# Anno 1404 Problem 1.3 bei Neuinstallation Venedig oder Venedig Nachkauf



## Niza (17. Dezember 2010)

Hallo,
Ich wollte mal ein Problem ansprechen.
Wenn ich Anno 1404 neu installiere, installiere ich erst patch 1.1 dann 1.2 und dann 1.3 
*und schon kann man nicht mehr Anno 1404 Venedig installieren*.

*1.2 kann nicht installiert werden und setup wird beendet :<-- so sinngemäß während der installation.*

*Das heißt alles wieder runterschmeißen und Anno 1404 neu installieren*.

*Das gilt auch wenn man sich in nächster zeit Venedig kauft und Anno 1404 1.3 installiert hat.

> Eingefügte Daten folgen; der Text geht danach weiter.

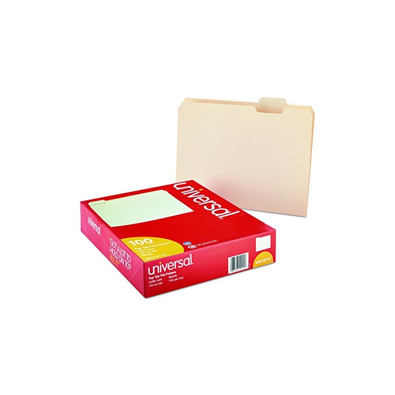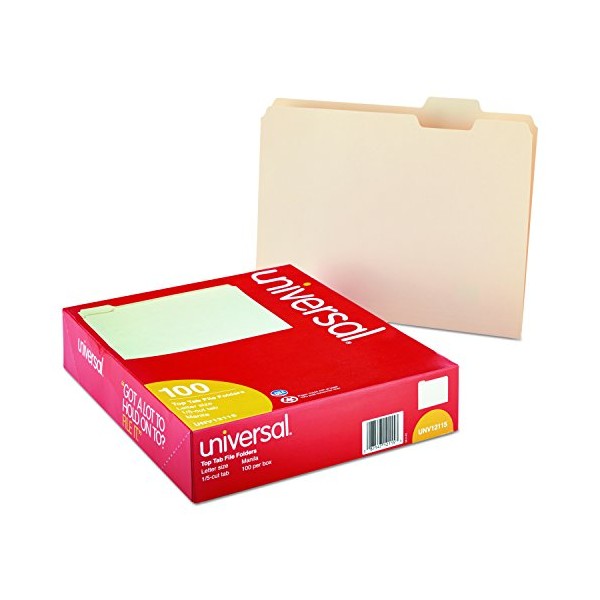 Universal File Folders, 1/5 Cut Assorted, One-Ply Top Tab, Letter, Manila, 100/Box (12115)
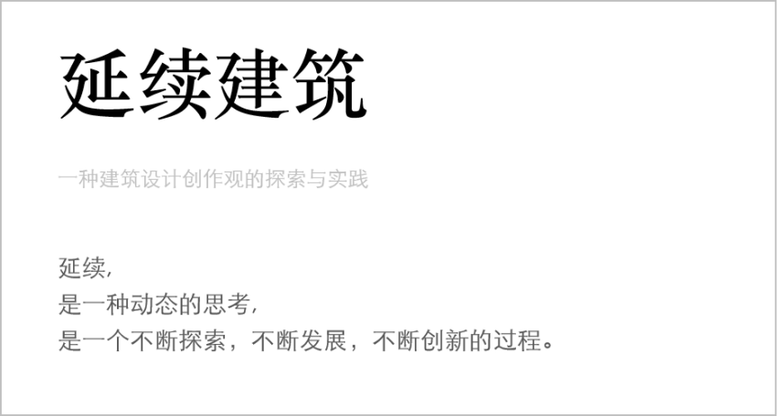 中国有着悠久丰富的历史文化,城市与乡村拥有各具特色的地域文化语境,并呈现出多姿多彩的姿态。建筑设计如何从地域、历史、文化、记忆、故事、风俗、气候等元素出发,将这些元素与设计建立诗意的联系,既实现建筑文化的传承和创新,又能有效化解建筑设计中地域文化与国际模式的冲突?在实践过程中,我们提出了“延续建筑”的创作设计观,即发现、探索与总结建筑所处场地独特的地域、时间、人文、自然、历史、记忆等重要特征,基于当代建筑语境与人本多重需求的基础上,将以上元素延续并创新于建筑设计之中。
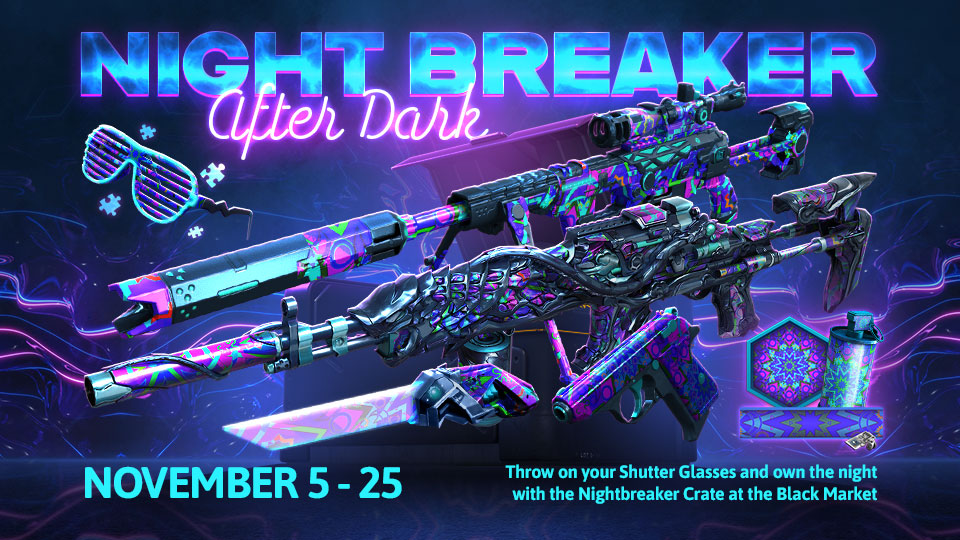 From November 5th until the 25th, head into the Black Market and get the Night Breaker Crate that will be presented in bundles of 5, 10, 30, 50, and 100 EA and will contain the following weapons:
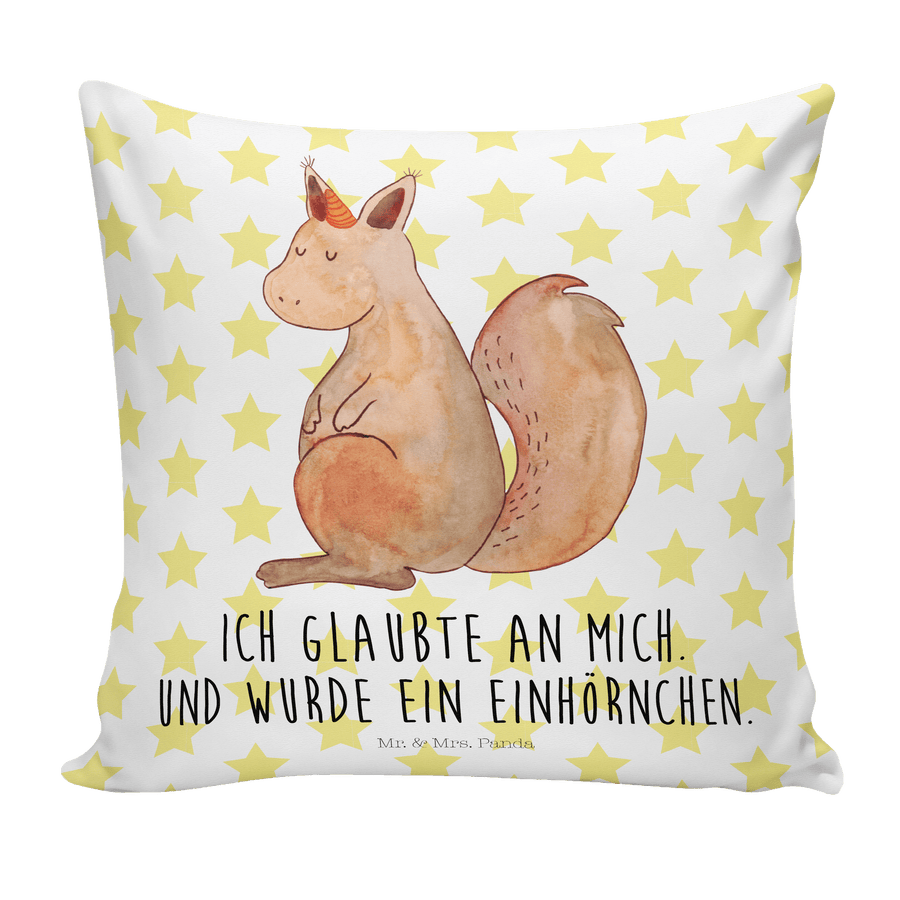 40x40 Kissen Einhörnchen Glaube - mit Spruch - Weiß
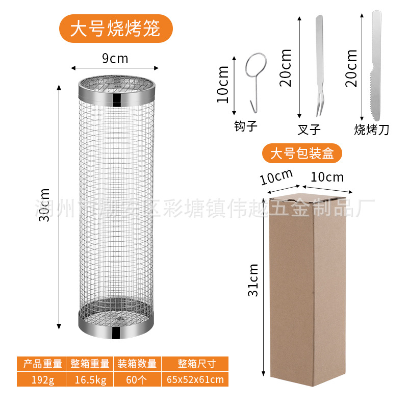 Трансграничная клетка для барбекю из нержавеющей стали 304 открытый цилиндр для барбекю копченая сетчатая трубка Амазонка поставка инструментов для барбекю
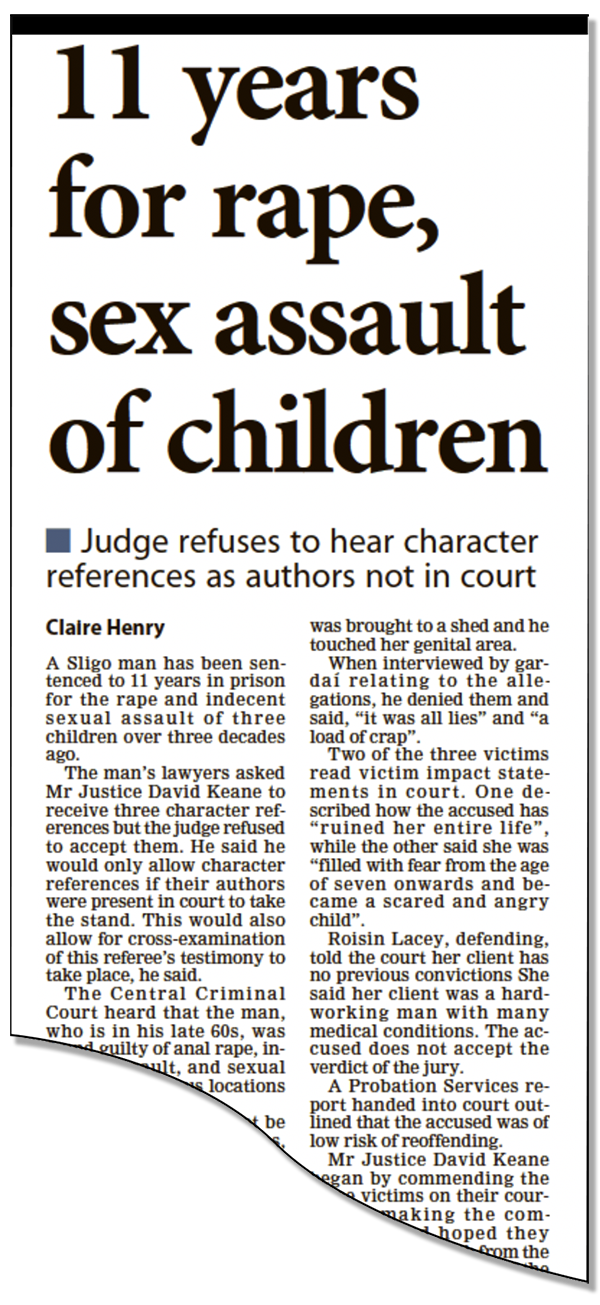“This is when 12 honest people on a jury in Ireland have found this person guilty. There’s only a 10% conviction rate so they’ve really thought this through and said ‘this man is guilty.’ And then these people decide to give up a character reference – to say he’s a good father after being found guilty of raping his son?”
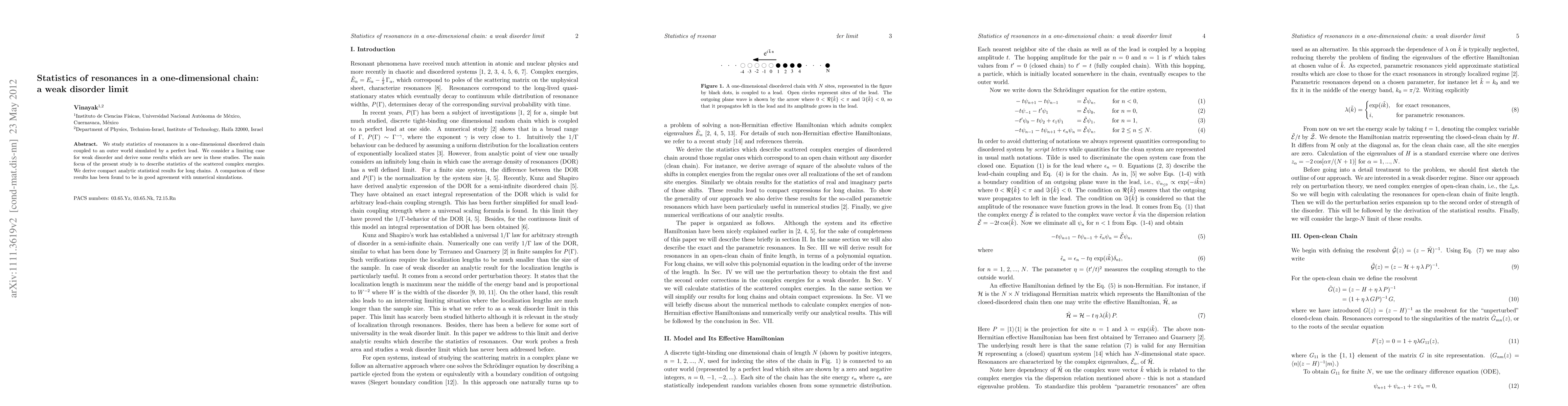 This paper investigates the statistical properties of resonances in a one-dimensional disordered chain with weak disorder, coupled to a perfect lead. The study derives new analytical results for the statistics of scattered complex energies in long chains, which align well with numerical simulations.
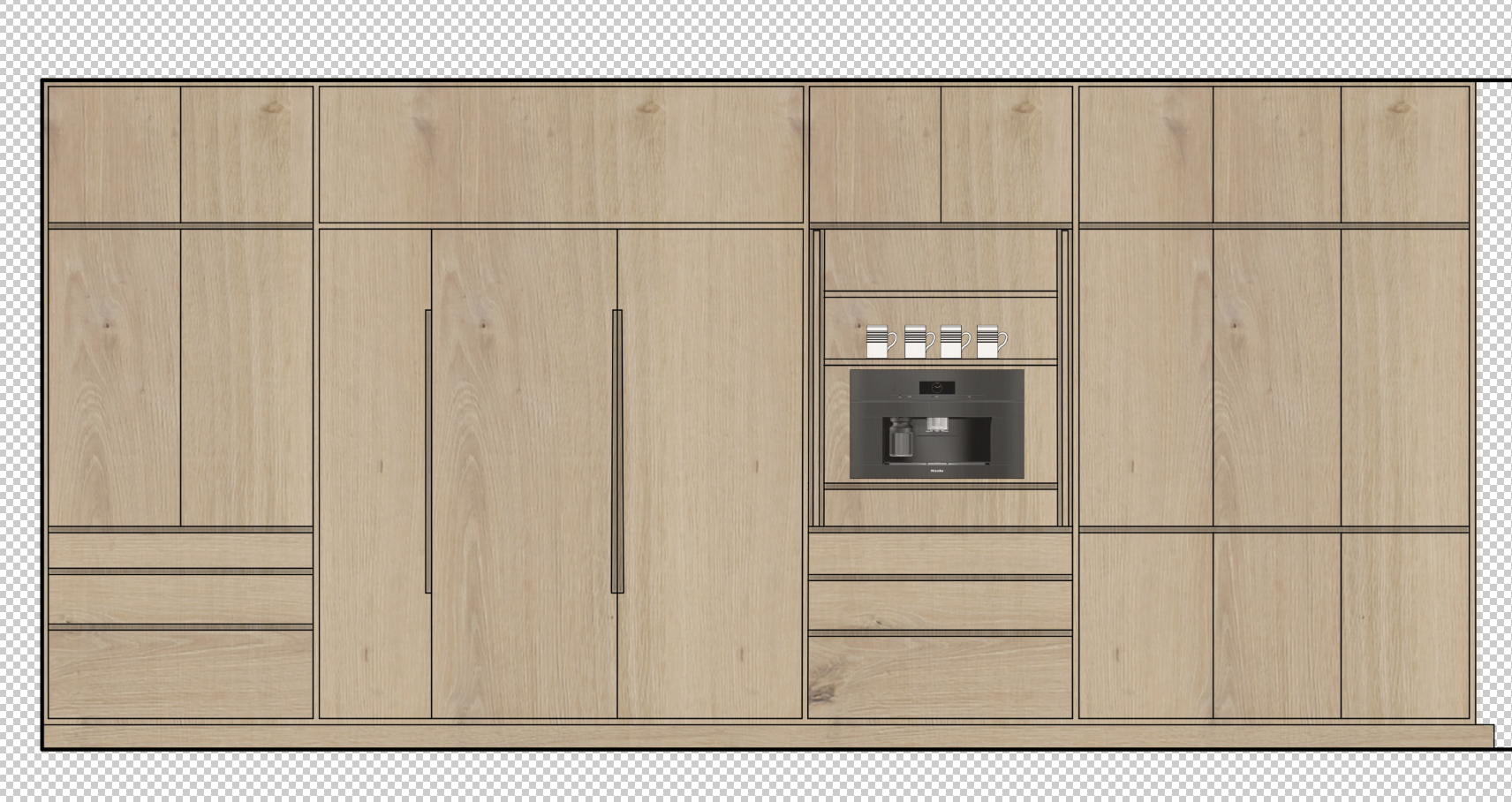 natural oak millwork with light stain and integrated drawer and cabinet pulls built in coffee machine with tucked away pocket doors
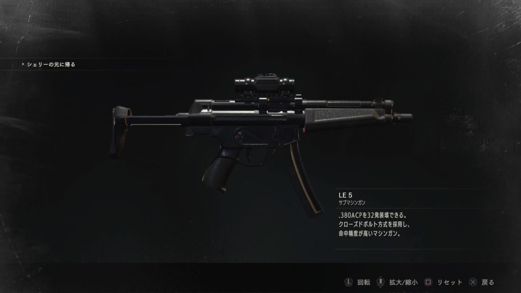 ゲーム内では「LE 5」という名前のサブマシンガンで段数は無限。

Alles wieder löschen* !

*Anno 1404 Installieren bis Patch 1.2 *(erst 1.1 und dann 1.2)

*nicht starten wegen autoupdater 
**
und dann Venedig installieren 

und dann
auf patch 2.1 *

*Anno 1404 patch 1.2 installiert und Anno 1404 Venedig 2.1 installiert 
**

Reicht das oder muss ich noch 1.3 hinterher installieren ?
*


----------



## MasterChief0976 (17. Dezember 2010)

Installire anno 1404 dann venedig und dann die beiden patches


----------